I see many parallels between MoPoTsyo and PsychedeLiA Integration. 

PsychedeLiA Integration is a Los Angeles community based group of peers and professionals. They're a registered 501c3 non-profit organization that provides integration circles, psychedelic education, and social events for the community. They also operate an 'Integration Fund'. The fund focuses on assisting marginalized persons that have been subjected to systemic racism or other systemic forms of discrimination such as BIPOC populations. All donations to the fund are tax deductible. Half of sales from events and all money donated directly to the fund is utilized to help persons receive psychedelic integration therapy or psychedelic integration coaching (and in the near future psychedelic treatments themselves). As excitement around novel treatments using psychedelics reaches fever pitch, we're in need of societal systems to support persons. In reality, the medical model as it stands will not be able to be offered as broadly as is needed to produce the types of societal shifts many proponents of the psychedelic renaissance would like to see. We will need to leverage our communities, building mycelial-like support webs and peer networks, to allow persons safe and affordable access to psychedelic therapy related services like PsychedeLiA's Integration fund aims to do.

You can make a donation to the fund or apply to receive its benefits using the links below:

 Donate and Support

Apply and Benefit

Breakthrough Psychopharmacology and the Integration Fund

As a board member for PsychedeLiA Integration and spouse to the organizations' founder (Shiri M Godasi), I've personally pledged to donate an hour long consultation each month to persons that successfully apply to the fund and would benefit from a discussion about their medications and psychedelics. I'm also giving a talk for them this coming Thursday, December 9th at 6pm PST. The talk is titled 'Breakthrough Psychopharmacology: Ketamine, MDMA, and Psilocybin' and will focus on comparing and contrasting the mechanism, metabolism, and clinical research of these 3 frontrunners of psychedelic therapy. I'm going to be taking a half hour of Q&A after the talk and plan to touch a little upon effects of combining these breakthrough substances or modalities. It's a virtual event so you can tune in from anywhere with an internet connection and your ticket sale will support the Integration Fund.
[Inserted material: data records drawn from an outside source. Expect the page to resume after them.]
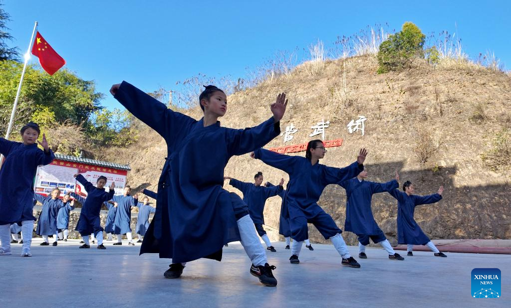 Students practice Tai Chi at a martial arts school in Shiyan City in central China's Hubei Province, Nov. 28, 2024. Tai Chi, a centuries-old Chinese martial art focusing on both internal and external practices, involves a series of slow, gentle movements and physical postures, a meditative state of mind, and controlled breathing. Statistics show that over 100 million people across more than 150 countries and regions practice Tai Chi, with about 30,000 foreigners traveling to the Wudang Mountain annually to learn and experience it. (Xinhua/Wu Zhizun)
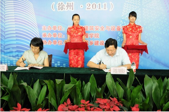 江苏省建筑安全与设备管理协会会长赵华中,省住建厅人教处处长章小刚,徐州工程学院院长韩宝平、副院长殷惠光,徐州市住建局副局长吴桂飞、质安处处长王建华,上海、云南、福建的兄弟协会负责同志以及省建筑安全与设备管理协会常务理事见证了本次签约全过程。
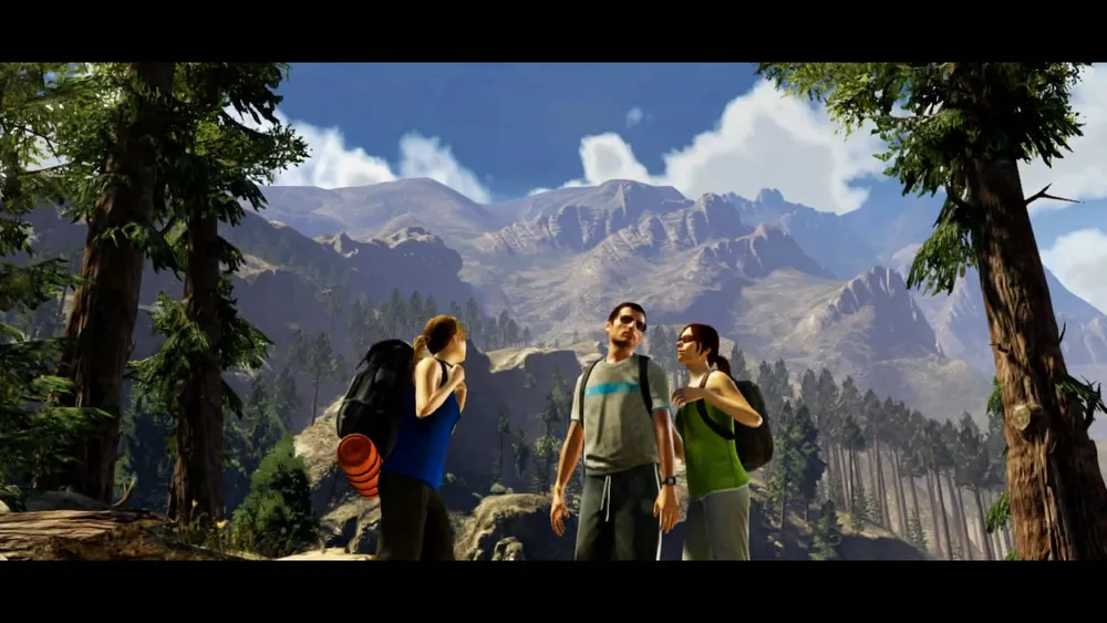 Семья в походе на фоне гор. Похоже на внутреигровую рекламу или передачу, как обычно высмеивающую СШАшное восторженно-семейно-патриотическое ТВ. И на скриншот из Sims тоже похоже, безусловно.

Register for the talk to confirm your spot and support the Integration Fund using this link: https://www.psychedeliaintegration.org/events/https://www.eventbrite.com/e/214464548237 


It's been amazing to witness the growth and expansion of this organization. From a single integration circle my wife kindled in the backroom of a spiritual boutique store to an operation hosting several circles with many professionals monthly and an operational charity fund over a few years is nothing short of incredible.

It is efforts and organizations like this that will truly help us 'walk each other home' during the psychedelic renaissance while making the therapies accessible to all.